Supplied information
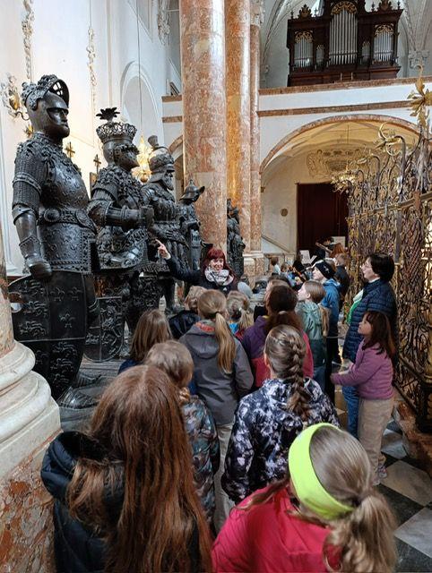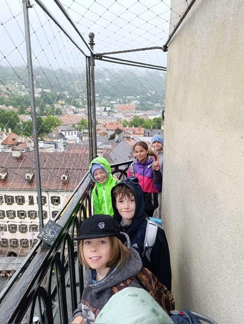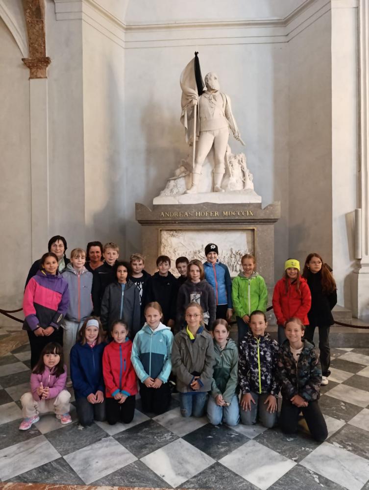 Wir hatten eine tolle Führung durch die Hofkirche, wo wir unsere ehemalige Mitschülerin Soraya trafen. Dann gingen wir weiter zum Goldenen Dachl. Nach einer gefühlten Ewigkeit war endlich Pause. Dann stiegen wir auf den Stadtturm hinauf, und danach durften wir 30 Minuten alleine herumschlendern. Nun bummelten wir zum Bus, der uns zum Bergisel fuhr. Dort angekommen sahen wir die Andreas- Hofer- Statue.
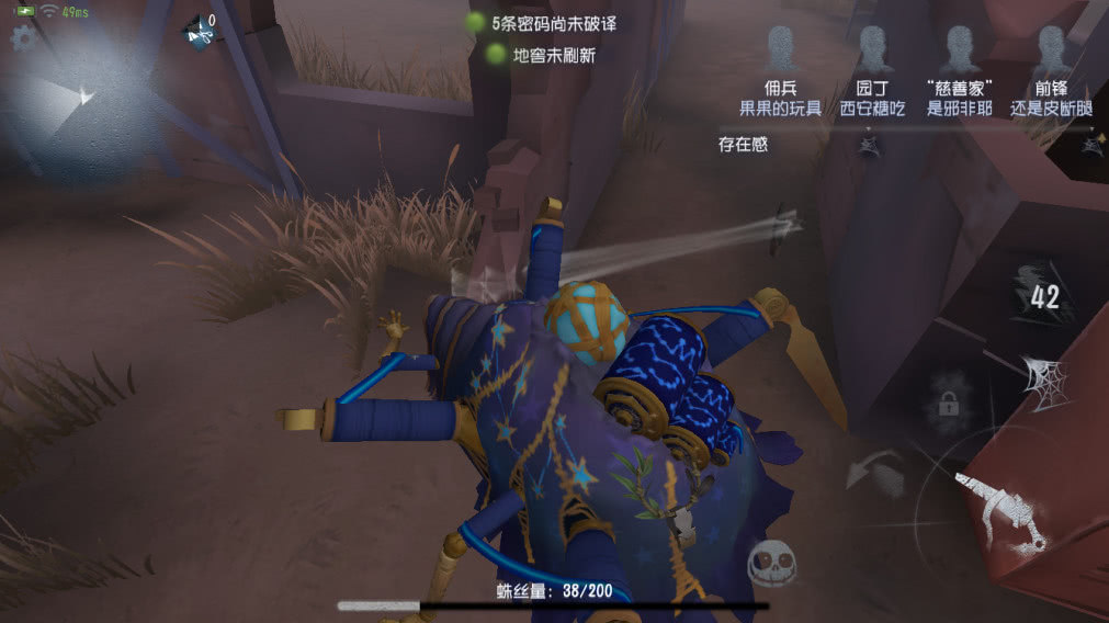 (背不出地图的盲女会自闭) 四.观察力求生者也是需要一定的观察力的,不同角色有各自的特征,小丑局满地的靓仔快乐笋,杰克的雾区,蜘蛛的蛛丝,红蝶的对视,黄衣的触手等等。相应的音效也不同,红蝶小姐姐在攻击时是会有很清脆的声音。在队友受到攻击的时候,也能看到监管者的轮廓。
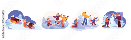 Happy Family in Winter Season Enjoy Recreation Activity Vector Set
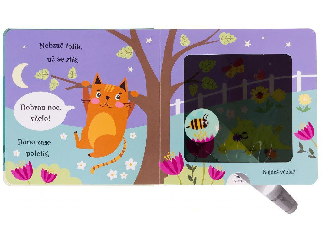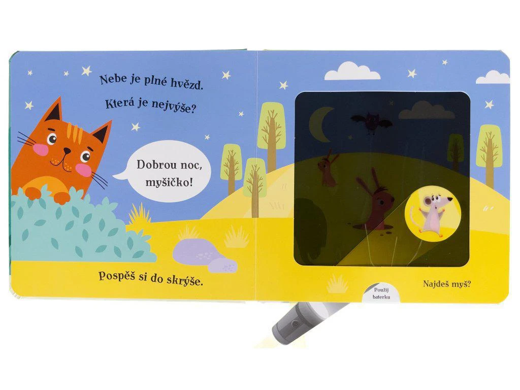 Kouzelné čtení na dobrou noc pro děti. Kočička už se chystá spát, ale nejprve musí dát dobrou noc všem svým zvířecím kamarádům. Pomůžeš jí je najít? Vsuň kouzelnou baterku mezi stránky a zjisti, kdo se ukrývá v každé ilustraci, zobrazující noc. Text ve verších učí děti vnímat přirozený rytmus řeči. Chytře vyrobená okénka umožňují dětem hledat schovaná zvířátka pomocí přiložené kartonové pomůcky ve tvaru svítilny. Nabídněte svému dítěti před spaním nějakou zklidňující aktivitu. Tato knížka je pro to přímo stvořená.

Exercise directions
All of the material above is to be retyped exactly, with no pictures included.

Solution for this task
 Wir hatten eine tolle Führung durch die Hofkirche, wo wir unsere ehemalige Mitschülerin Soraya trafen. Dann gingen wir weiter zum Goldenen Dachl. Nach einer gefühlten Ewigkeit war endlich Pause. Dann stiegen wir auf den Stadtturm hinauf, und danach durften wir 30 Minuten alleine herumschlendern. Nun bummelten wir zum Bus, der uns zum Bergisel fuhr. Dort angekommen sahen wir die Andreas- Hofer- Statue.
 (背不出地图的盲女会自闭) 四.观察力求生者也是需要一定的观察力的,不同角色有各自的特征,小丑局满地的靓仔快乐笋,杰克的雾区,蜘蛛的蛛丝,红蝶的对视,黄衣的触手等等。相应的音效也不同,红蝶小姐姐在攻击时是会有很清脆的声音。在队友受到攻击的时候,也能看到监管者的轮廓。
 Happy Family in Winter Season Enjoy Recreation Activity Vector Set
 Kouzelné čtení na dobrou noc pro děti. Kočička už se chystá spát, ale nejprve musí dát dobrou noc všem svým zvířecím kamarádům. Pomůžeš jí je najít? Vsuň kouzelnou baterku mezi stránky a zjisti, kdo se ukrývá v každé ilustraci, zobrazující noc. Text ve verších učí děti vnímat přirozený rytmus řeči. Chytře vyrobená okénka umožňují dětem hledat schovaná zvířátka pomocí přiložené kartonové pomůcky ve tvaru svítilny. Nabídněte svému dítěti před spaním nějakou zklidňující aktivitu. Tato knížka je pro to přímo stvořená.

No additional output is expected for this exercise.